Look in the data below for the line that has "Slow-cooked mutton in", then print exactly every line from there through the line that has "Dominafire's nurse stretches", leaving pictures out.

* _Stored items_:
^^^^^^^^
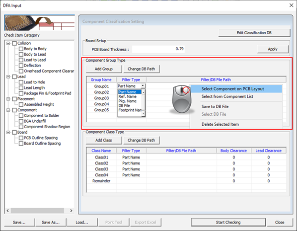 Make the GROUP that will be the target groups for different checking items. You can make grouping for components that have the same properties. There are three types of grouping methods: directing component selection on PCB design, selection from component list, and importing DB file, *.txt.
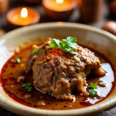 Slow-cooked mutton in a thick, intensely flavored gravy. Rich, spicy, and deeply aromatic with a rustic texture.
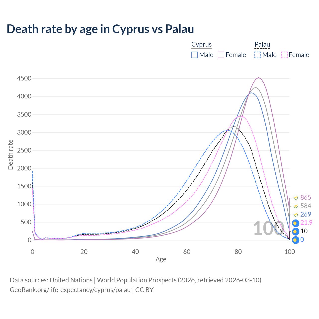 In Cyprus, the most common age of death is 87, compared to 78 in Palau. The median age of death is 84.3 in Cyprus and 73.8 in Palau, meaning only half of each cohort is expected to live past that age.
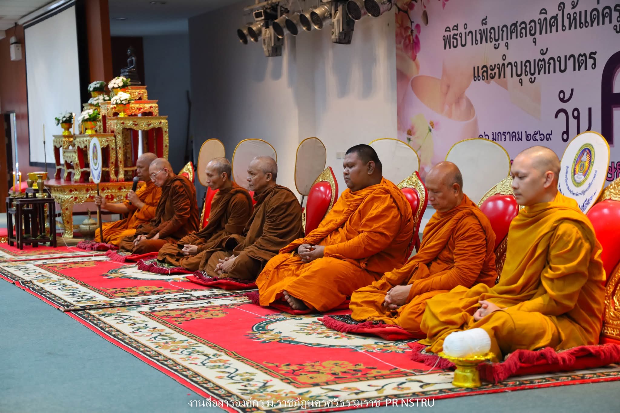 คณะครุศาสตร์ มหาวิทยาลัยราชภัฏนครศรีธรรมราช จัดกิจกรรมสืบสานวันครู ประจำปี 2569 ในวันที่ 16 มกราคม 2569 ณ หอประชุมภักดีดำรงฤทธิ์ มหาวิทยาลัยราชภัฏนครศรีธรรมราช โดยได้รับเกียรติจาก ผู้ช่วยศาสตราจารย์ ดร.วิชิต สุขทร รองอธิการบดี ฝ่ายวิชาการ กิจการนักศึกษา และงานบุคคล เป็นประธานในพิธี
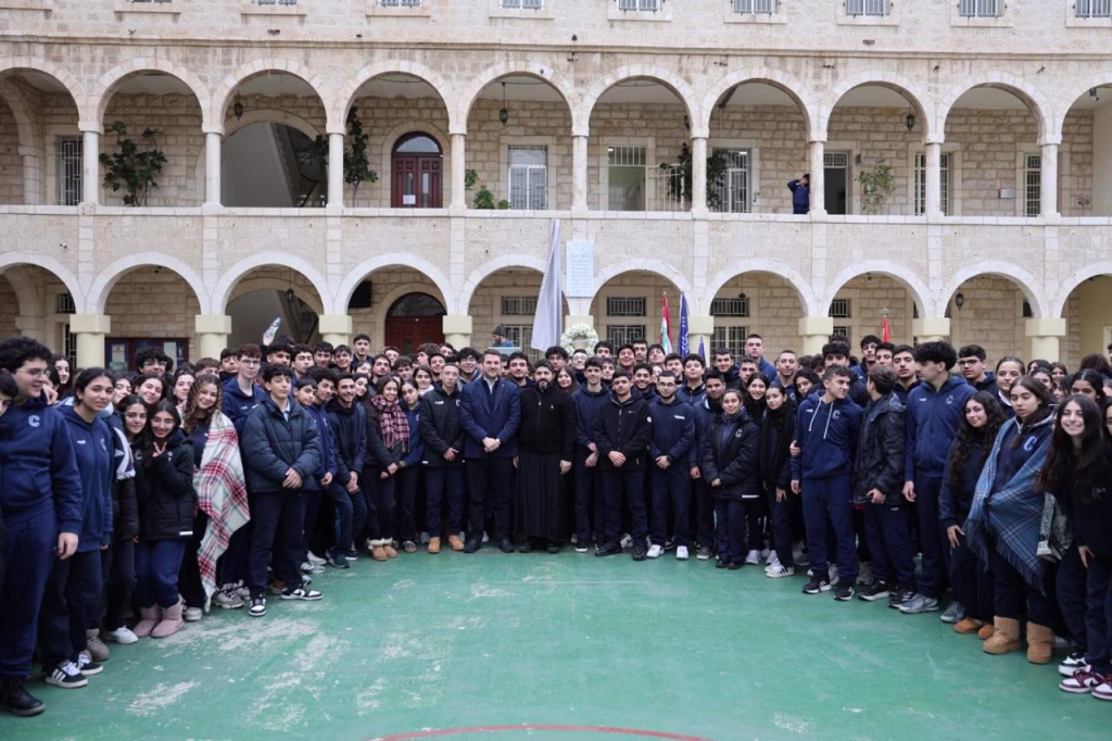 النشيد الوطني، فكلمة الاب سعادة التي جاء فيها:”نقف اليوم بخشوع أمام نصب الشهداء، شهداء المدرسة، مستحضرين معاني التضحية ومجددين الوعد على التمسك بالقيم التي استشهد من أجلها جميع الابطال وعلى رأسهم الشيخ بشير الجميّل.
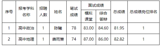 根據(jù)《南京市教育系統(tǒng)部分事業(yè)單位2024年10月公開招聘教師公告》(寧事招公告(R)〔2024〕36號)要求,在南京市秦淮區(qū)人社局和教育局監(jiān)督指導(dǎo)下,我校面試工作已于2024年11月30日結(jié)束,F(xiàn)根據(jù)總成績排名,確定入圍體檢人員名單(入圍人員的體檢時間另行通知),并予以公示。
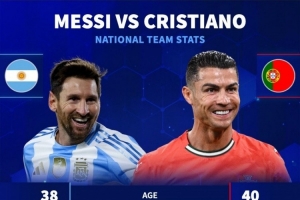 体育资讯11月15日讯 德国转会市场社媒晒出图片,对比了梅西、C罗、姆巴佩、哈兰德的国家队数据。
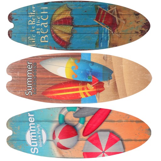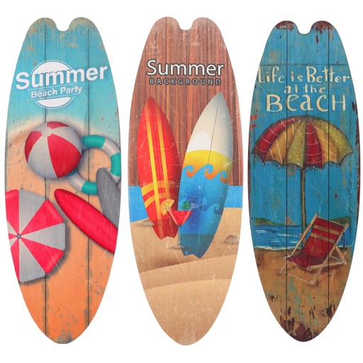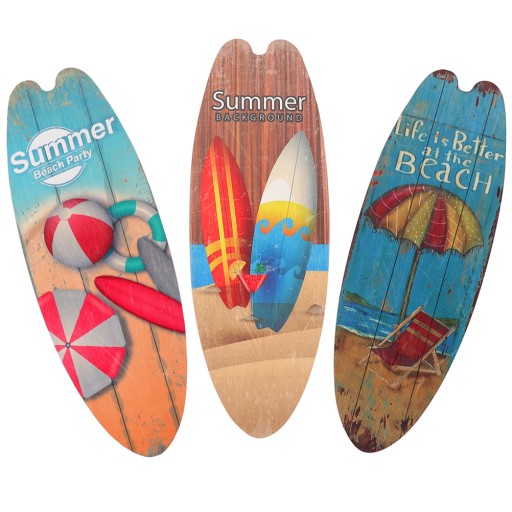 ZESTAW 3 DREWNIANYCH TABLIC DEKORACYJNYCH Z MOTYWEM DESKI SURFINGOWEJ - IDEALNE DO OZDOBY BARU LUB IMPREZY PLAŻOWEJ.
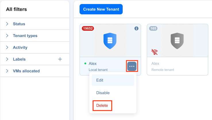 To permanently delete a tenant from the product, hover over the tenant card and click the ellipsis Manage button, then click Delete.
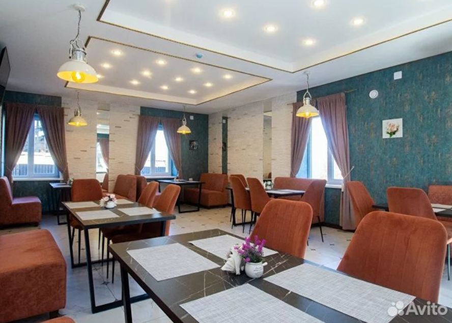 Ресторан обставлен диванами, столами, стульями. Есть три зала, первый рассчитан на 25-30 человек, второй — на 35-40, а третий — на 65-70. На кухне стоят столы из нержавейки, три холодильника, три морозилки, индукционная плита, миксер, мясорубка, пароконвектомат, тестомес, фритюрница, микроволновка и другая техника.
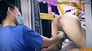 Dominafire's nurse stretches slave ass in latex rectal exam
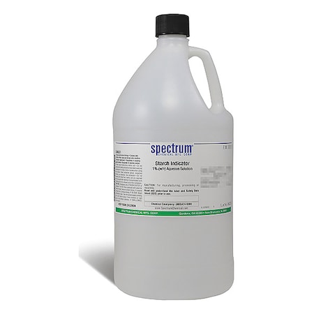 Starch Indicator, Aqueous Solution, Stabilized, Concentration 1 Percent w/v, Chemical Container Material Plastic, Chemical Container Type Jug, Chemical Grade Lab, Chemical Container Size 4 L, Chemical Family Type Standards and Solutions, Shelf Life 24 mo, Shipping Restrictions Chemical Not Regulated For Transport, Special Information For Iodometric Titrations
^^^^^^^^
* _Your solution_:
 Slow-cooked mutton in a thick, intensely flavored gravy. Rich, spicy, and deeply aromatic with a rustic texture.
 In Cyprus, the most common age of death is 87, compared to 78 in Palau. The median age of death is 84.3 in Cyprus and 73.8 in Palau, meaning only half of each cohort is expected to live past that age.
 คณะครุศาสตร์ มหาวิทยาลัยราชภัฏนครศรีธรรมราช จัดกิจกรรมสืบสานวันครู ประจำปี 2569 ในวันที่ 16 มกราคม 2569 ณ หอประชุมภักดีดำรงฤทธิ์ มหาวิทยาลัยราชภัฏนครศรีธรรมราช โดยได้รับเกียรติจาก ผู้ช่วยศาสตราจารย์ ดร.วิชิต สุขทร รองอธิการบดี ฝ่ายวิชาการ กิจการนักศึกษา และงานบุคคล เป็นประธานในพิธี
 النشيد الوطني، فكلمة الاب سعادة التي جاء فيها:”نقف اليوم بخشوع أمام نصب الشهداء، شهداء المدرسة، مستحضرين معاني التضحية ومجددين الوعد على التمسك بالقيم التي استشهد من أجلها جميع الابطال وعلى رأسهم الشيخ بشير الجميّل.
 根據(jù)《南京市教育系統(tǒng)部分事業(yè)單位2024年10月公開招聘教師公告》(寧事招公告(R)〔2024〕36號)要求,在南京市秦淮區(qū)人社局和教育局監(jiān)督指導(dǎo)下,我校面試工作已于2024年11月30日結(jié)束,F(xiàn)根據(jù)總成績排名,確定入圍體檢人員名單(入圍人員的體檢時間另行通知),并予以公示。
 体育资讯11月15日讯 德国转会市场社媒晒出图片,对比了梅西、C罗、姆巴佩、哈兰德的国家队数据。
 ZESTAW 3 DREWNIANYCH TABLIC DEKORACYJNYCH Z MOTYWEM DESKI SURFINGOWEJ - IDEALNE DO OZDOBY BARU LUB IMPREZY PLAŻOWEJ.
 To permanently delete a tenant from the product, hover over the tenant card and click the ellipsis Manage button, then click Delete.
 Ресторан обставлен диванами, столами, стульями. Есть три зала, первый рассчитан на 25-30 человек, второй — на 35-40, а третий — на 65-70. На кухне стоят столы из нержавейки, три холодильника, три морозилки, индукционная плита, миксер, мясорубка, пароконвектомат, тестомес, фритюрница, микроволновка и другая техника.
 Dominafire's nurse stretches slave ass in latex rectal exam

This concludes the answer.